- Fix javadoc for building under Java 8 (Issue 18).
- Allow setting flush sequence in DefaultModel (Issue 19).
- Changed license to Apache License version 2. (Issue 17)
- Note that TreeTagger itself is subject different license terms available from the TreeTagger TreeTagger website.
- Fixed bug: model files cannot be read unless assertions are enabled (Issue 16)
- Initial support for reading TreeTagger model files. (Issue 14)
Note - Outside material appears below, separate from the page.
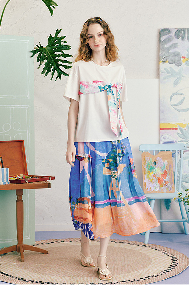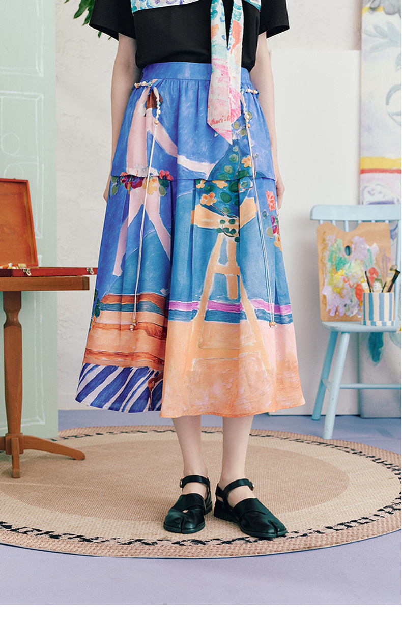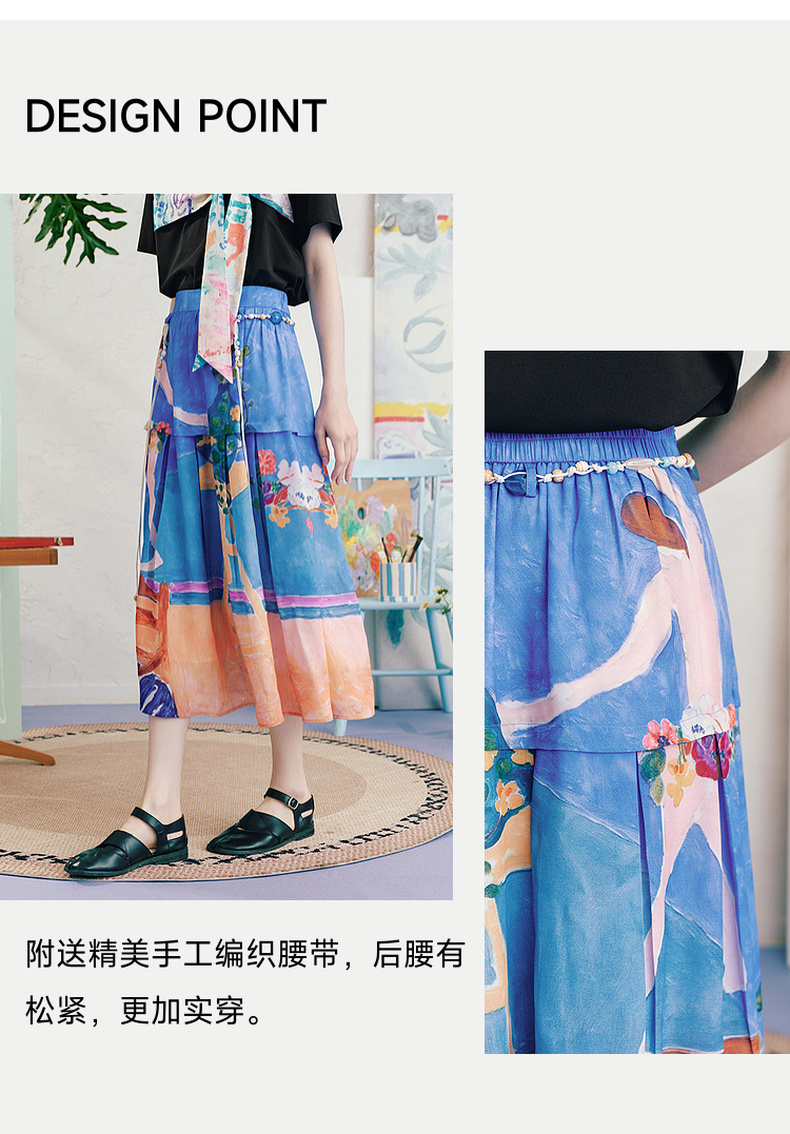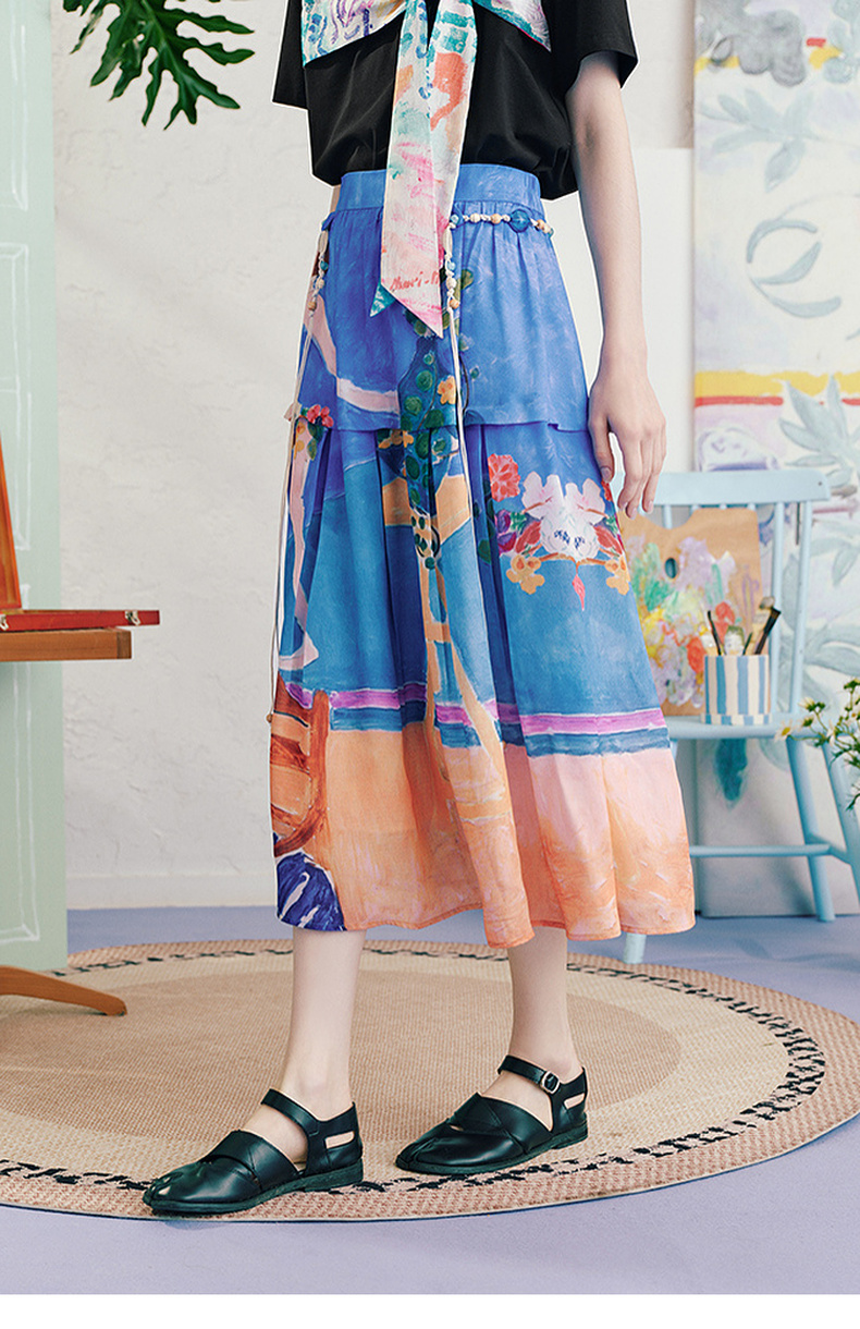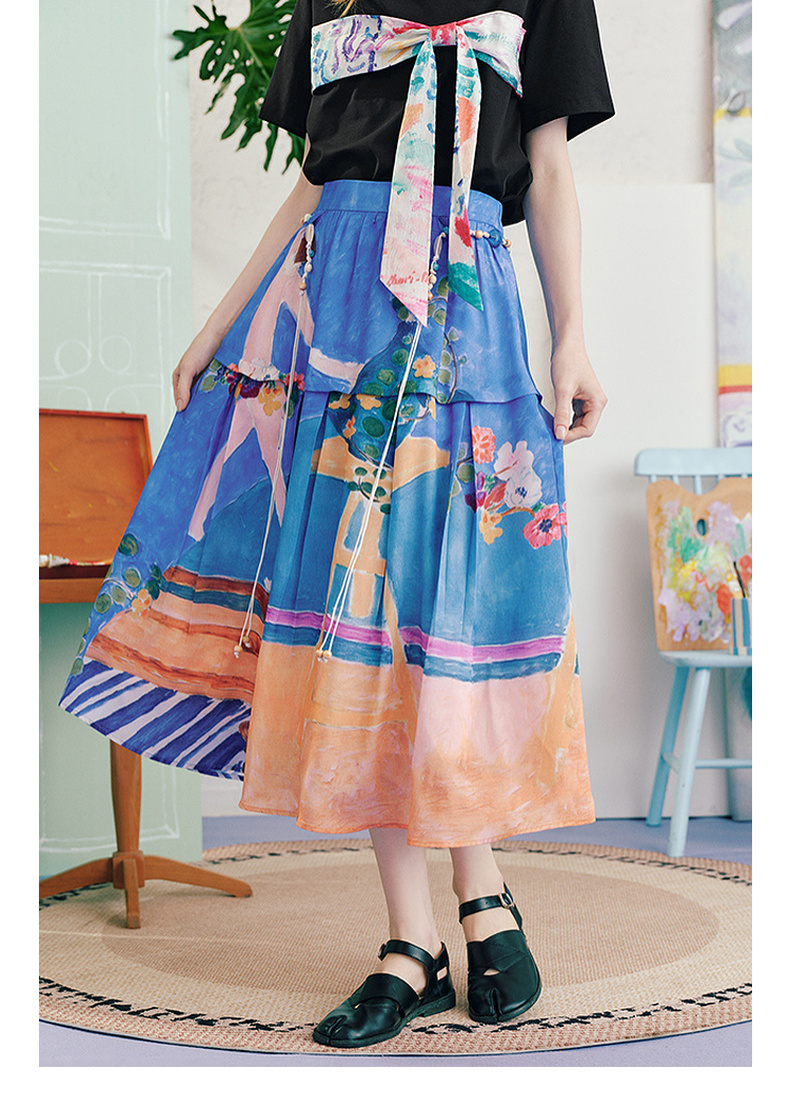 两三事 浓彩炽舞 2025夏季新款法式画作印花系带A字半身裙

- Support for getting multiple tag/lemmas and their probabilities. This feature requires a TreeTagger binary newer than 2012-04-25. When used with previous versions, it will just hang. At the time of writing, the TreeTagger versions for OS X (Intel), Windows and Linux support this feature. It is possible that the versions for Solaris and OS X (PPC) may not be updated to support this feature. TT4J continues to work with other/older TreeTagger versions as long as this feature is not used. (Issue 13)
- Improved parsing of TreeTagger output.
- Changed default flush sequence to work with the TreeTagger model for chinese (Issue 6 - thanks Jérôme)
- Added detection if communication with TreeTagger starts running out-of-sync due to some odd characters appearing in tokens. This can be disabled, but per default the strict-mode is on.
- Added setting for the maximal token length (default 90000 bytes) - TreeTagger seems to have a limit of 99998 bytes per token and crashes when this is exceeded
- Improved handling of crashed TreeTagger process
- Generate a better exception message when no model or executable could be found.
- Provide getters for all properties of TreeTaggerWrapper.
- Updated license header and added it where missing.
- Fixed typo in Javadoc.
- Set plugin versions in POM to make Maven 3 happy.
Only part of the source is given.